Martin, a Republican, will get another strong message today when he is expected to face sharp questioning about his controversial proposal during an appearance before a House oversight subcommittee.

Lawmakers from both parties have complained that Martin is circumventing proper procedure in trying to allow companies to own a newspaper and broadcast station in the 20 largest U.S. markets. They want time for more public comment on the proposal, which was announced by Martin on Nov. 13. They also want the FCC first to complete a previously promised review of ways to ensure that broadcasters serve their local communities, and take steps to increase ownership of TV and radio stations by women and minorities.

"Media ownership rules are important in a democracy," said Sen.
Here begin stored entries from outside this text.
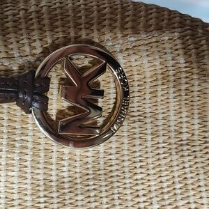 Branding: A prominent gold-tone "MK" logo charm hanging from one of the handles.
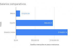 Para fines comparativos, hemos dividido estas cantidades anuales en sueldos mensuales. Todos los sueldos se convirtieron a pesos mexicanos utilizando el tipo de cambio del día de hoy.
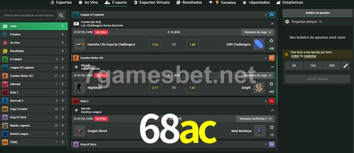 O 68ac oferece uma grande seleção de opções de apostas em e-sports com probabilidades competitivas
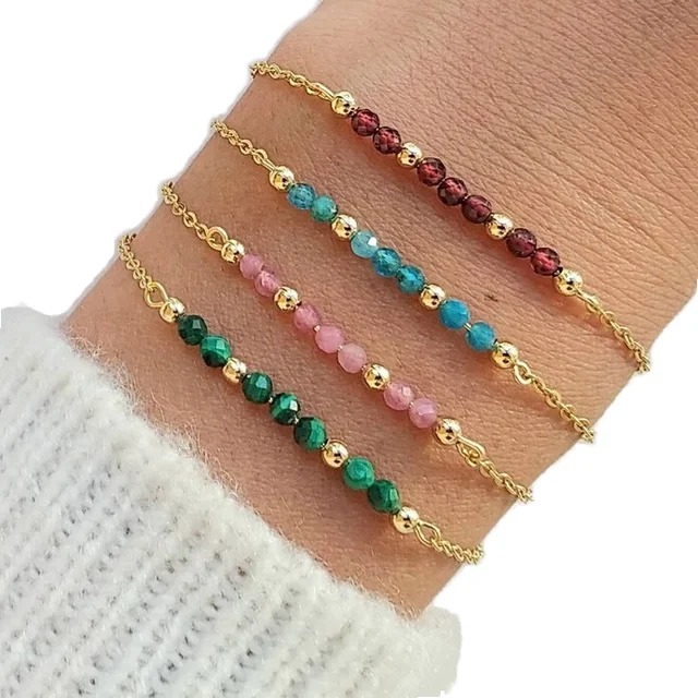 Zooying High Quality Delicate Natural Aqua Mint Blue Gemstone Gold Silver Dainty Tiny Gemstone Beaded Bracelet for Women
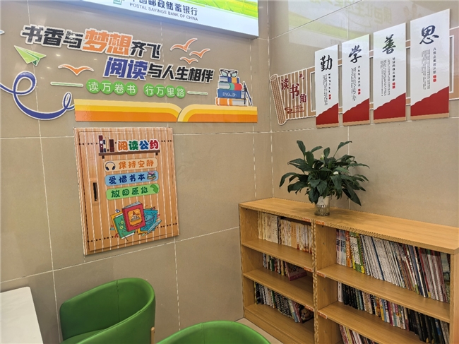 图1:邮储银行资中县支行打造“悦读驿站”客户图书角
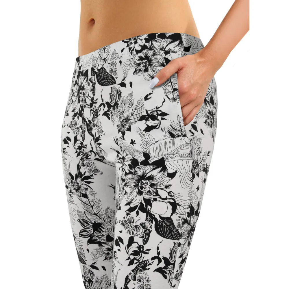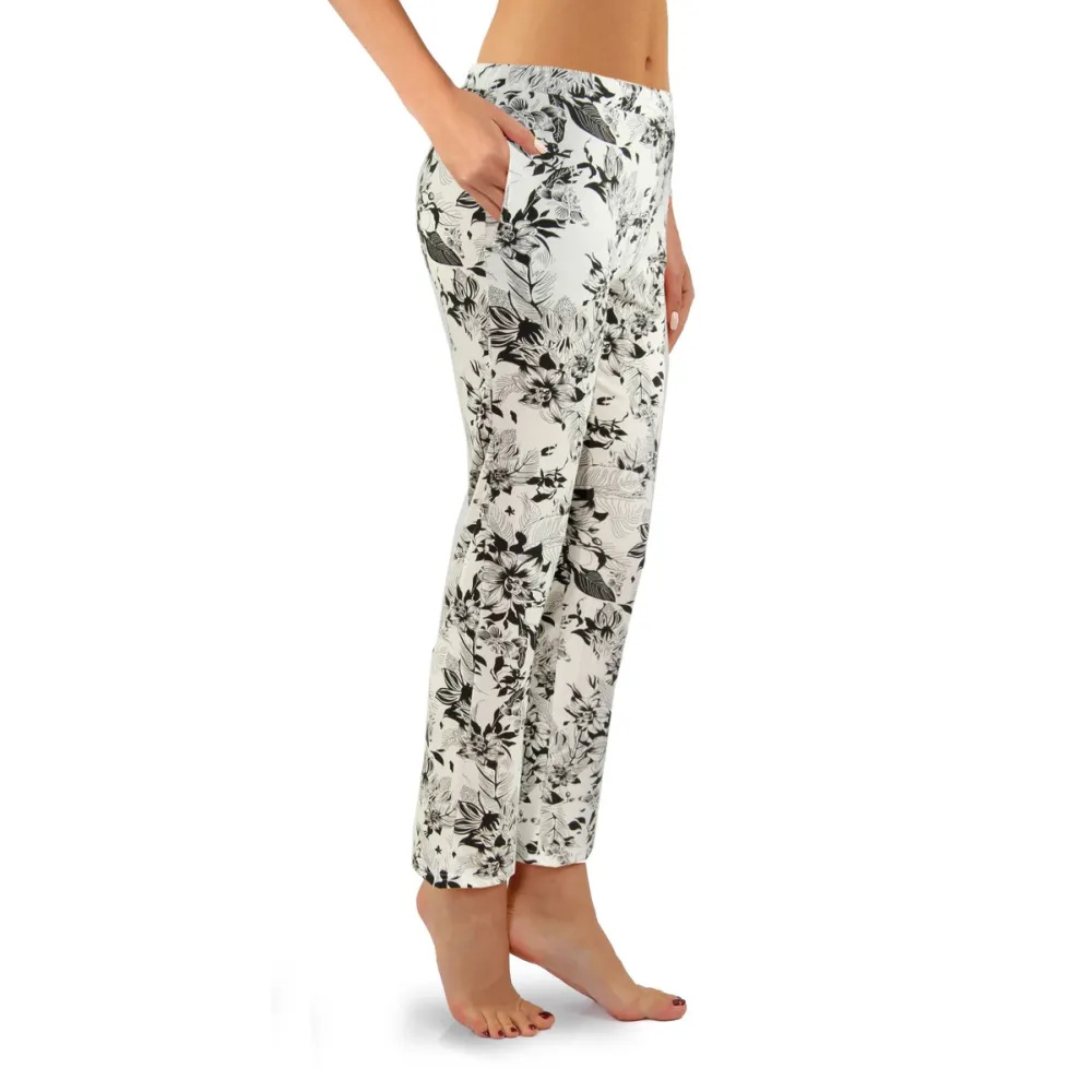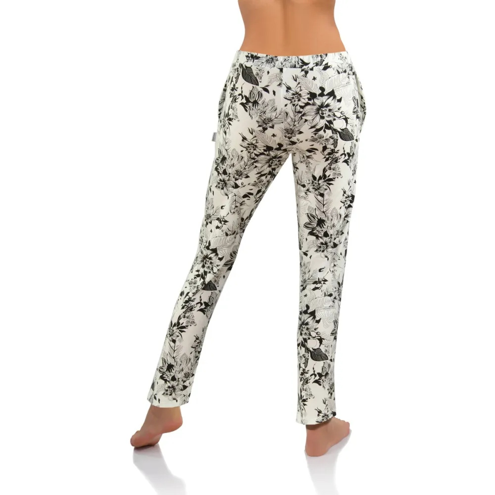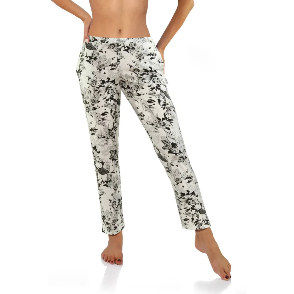 2585/02 Spodnie piżamowe Sesto Senzo kwiatki czarny/biały

Byron L. Dorgan (D-N.D.), an opponent of further media consolidation and the bill's main sponsor. "We won't allow the FCC to rush to judgment, and we won't allow the public to be shut out of the process."

Tribune Co., owner of The Times and KTLA-TV Channel 5, has the most to gain by Martin's plan because it has newspaper and broadcast combinations in Los Angeles and four other markets. But last week the FCC gave Tribune waivers of at least two years from the so-called cross-ownership rule, the final regulatory hurdle to closing its $8.2-billion deal to go private by the end of the year.

The waivers trigger if the FCC approves the rule change before Jan. 1, giving Tribune relief as public interest groups are expected to sue in court to block their implementation. But a delay in the FCC vote would not hurt Tribune. The company also could itself trigger the temporary waivers by challenging the FCC's denial of its request for permanent waivers. Tribune may do that in the coming days to settle its regulatory situation for the deal's lenders instead of waiting for a Dec. 18 vote that could be delayed.

The FCC's two Democrats, Michael J. Copps and Jonathan S. Adelstein, have criticized Martin for trying to rush through his cross-ownership rule change. With the Tribune situation resolved, Copps said Tuesday, "we have even less reason to go ahead with that vote."